[Provided records — start]
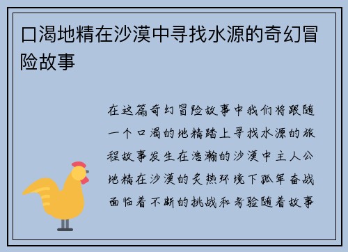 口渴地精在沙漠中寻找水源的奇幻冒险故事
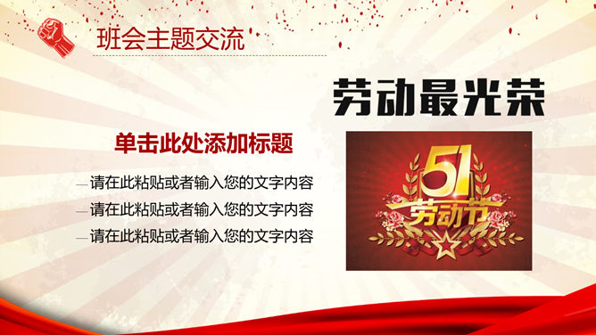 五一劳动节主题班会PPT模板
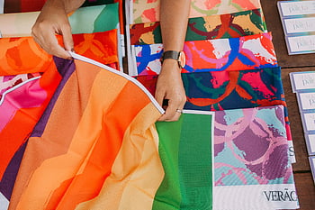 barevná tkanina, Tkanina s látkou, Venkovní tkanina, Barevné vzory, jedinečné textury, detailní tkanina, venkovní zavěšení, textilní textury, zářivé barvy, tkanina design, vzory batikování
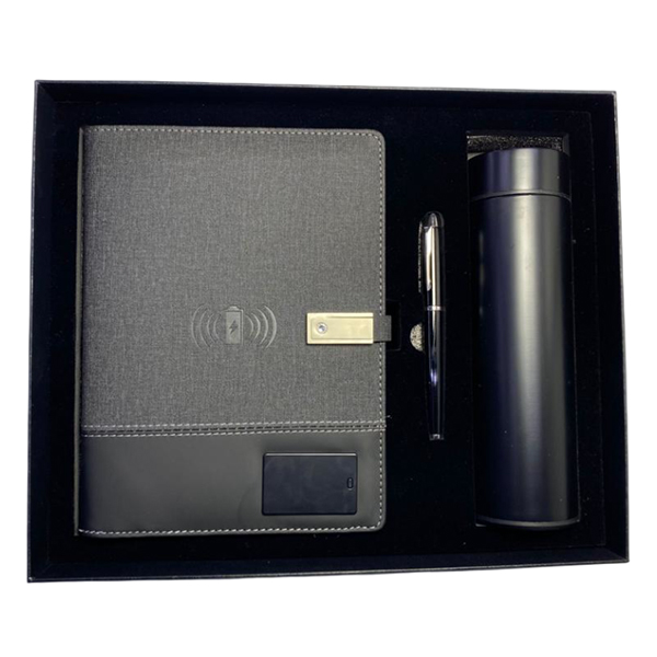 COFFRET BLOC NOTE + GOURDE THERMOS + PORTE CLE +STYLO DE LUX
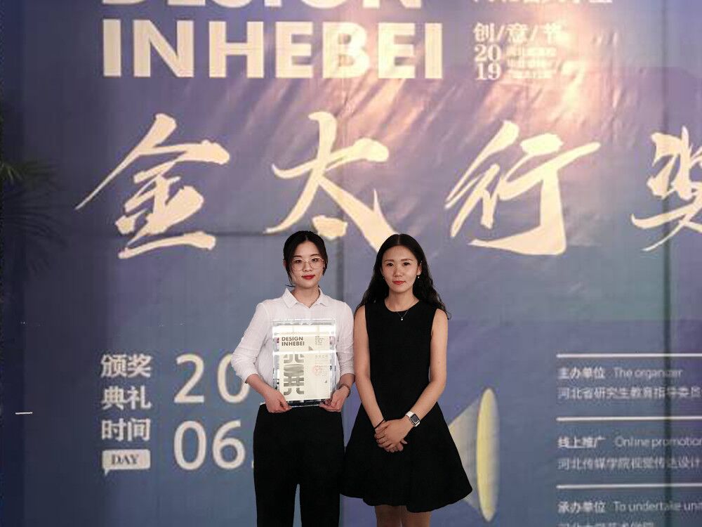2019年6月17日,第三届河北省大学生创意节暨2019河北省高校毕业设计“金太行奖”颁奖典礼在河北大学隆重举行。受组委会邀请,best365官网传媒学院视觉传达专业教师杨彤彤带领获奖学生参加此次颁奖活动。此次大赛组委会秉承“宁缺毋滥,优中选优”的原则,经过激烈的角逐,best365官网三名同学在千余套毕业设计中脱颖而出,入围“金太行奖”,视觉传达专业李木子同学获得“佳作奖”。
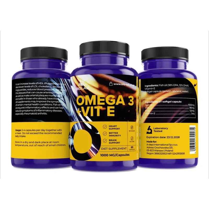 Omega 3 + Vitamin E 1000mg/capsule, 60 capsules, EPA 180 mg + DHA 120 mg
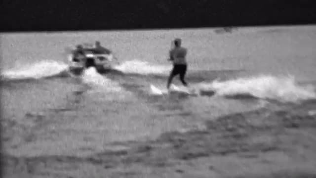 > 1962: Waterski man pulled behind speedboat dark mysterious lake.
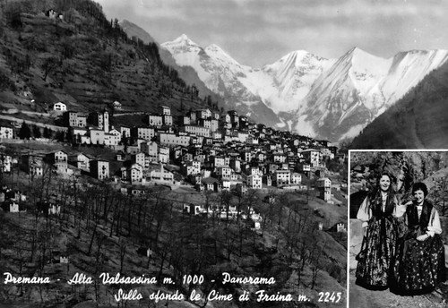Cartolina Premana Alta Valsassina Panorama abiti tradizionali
[Provided records — finish]
## What the exercise asks
The answer is the listing above restated word for word, pictures removed.

## Result
 口渴地精在沙漠中寻找水源的奇幻冒险故事
 五一劳动节主题班会PPT模板
 barevná tkanina, Tkanina s látkou, Venkovní tkanina, Barevné vzory, jedinečné textury, detailní tkanina, venkovní zavěšení, textilní textury, zářivé barvy, tkanina design, vzory batikování
 COFFRET BLOC NOTE + GOURDE THERMOS + PORTE CLE +STYLO DE LUX
2019年6月17日,第三届河北省大学生创意节暨2019河北省高校毕业设计“金太行奖”颁奖典礼在河北大学隆重举行。受组委会邀请,best365官网传媒学院视觉传达专业教师杨彤彤带领获奖学生参加此次颁奖活动。此次大赛组委会秉承“宁缺毋滥,优中选优”的原则,经过激烈的角逐,best365官网三名同学在千余套毕业设计中脱颖而出,入围“金太行奖”,视觉传达专业李木子同学获得“佳作奖”。
 Omega 3 + Vitamin E 1000mg/capsule, 60 capsules, EPA 180 mg + DHA 120 mg
 > 1962: Waterski man pulled behind speedboat dark mysterious lake.
Cartolina Premana Alta Valsassina Panorama abiti tradizionali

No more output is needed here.